Metabolic reprogramming toward aerobic glycolysis unavoidably favours methylglyoxal (MG) and advanced glycation end products (AGEs) formation in cancer cells. MG was initially considered a highly cytotoxic molecule with potential anti-cancer value. However, we have recently demonstrated that MG enhanced tumour growth and metastasis. In an attempt to understand this dual role, we explored MG-mediated dicarbonyl stress status in four breast and glioblastoma cancer cell lines in relation with their glycolytic phenotype and MG detoxifying capacity. In glycolytic cancer cells cultured in high glucose, we observed a significant increase of the conversion of MG to D-lactate through the glyoxalase system.
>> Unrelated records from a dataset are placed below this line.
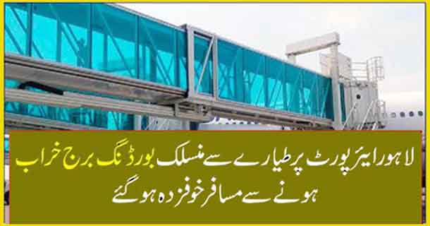 لاہور:صوبہ پنجاب کے دارالحکومت لاہور میں علامہ اقبال انٹرنیشل ایئرپورٹ پر طیارے سے منسلک بورڈنگ برج خراب ہوگیا جس سے مسافروں میں خوف و ہراس پھیل گیا۔تفصیلات کے مطابق لاہور کے علامہ اقبال انٹرنیشل ایئرپورٹ پر طیارے سے منسلک بورڈنگ برج خراب ہوگیا، مسافروں کے سوار ہونے کے بعد بورڈنگ برج طیارے سے الگ نہیں ہوا۔ اس موقع پر بورڈنگ برج میں خرابی کو مسافر، طیارے میں خرابی سمجھ بیٹھے اور ان میں خوف و ہراس پھیل گیا۔ کچھ مسافر خوف کے باعث طیارے سے اتر گئے۔
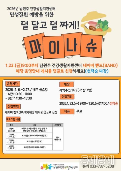 동네방네 김형규 기자 | 남원주건강생활지원센터는 지역 주민의 만성질환 예방과 관리를 위해 ‘덜 달고 덜짜게! 마이나슈 요리교실’ 프로그램 참여자를 모집한다.
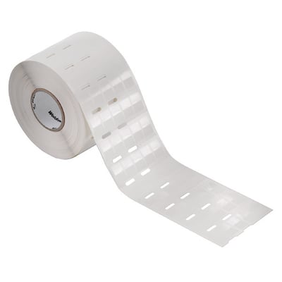 Hvidt lednings-/kabelmærke THM WO 12/18 WS fra Weidmüller. Selvklæbende polyester film, 12x18mm med 12x9mm skrivefelt. Halogenfri og uden print. Til 0.75-6mm² / Ø1-3mm. Rulle med 10000 stk.
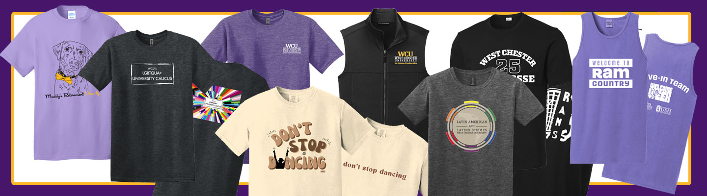 These are just a few examples of apparel we've done for WCU in the past year. Please click on the image above to browse our apparel catalog or click here to send an email requesting more information.

Moreover, upon exogenous MG challenge, glycolytic cells showed elevated amounts of intracellular MG and induced de novo GLO1 detoxifying enzyme and Nrf2 expression. Thus, supporting the adaptive nature of glycolytic cancer cells to MG dicarbonyl stress when compared to non-glycolytic ones. Finally and consistent with the pro-tumoural role of MG, we showed that low doses of MG induced AGEs formation and tumour growth in vivo, both of which can be reversed using a MG scavenger. Our study represents the first demonstration of a hormetic effect of MG defined by a low-dose stimulation and a high-dose inhibition of tumour growth.
Hormetic potential of methylglyoxal, a side-product of glycolysis, in switching tumours from growth to death.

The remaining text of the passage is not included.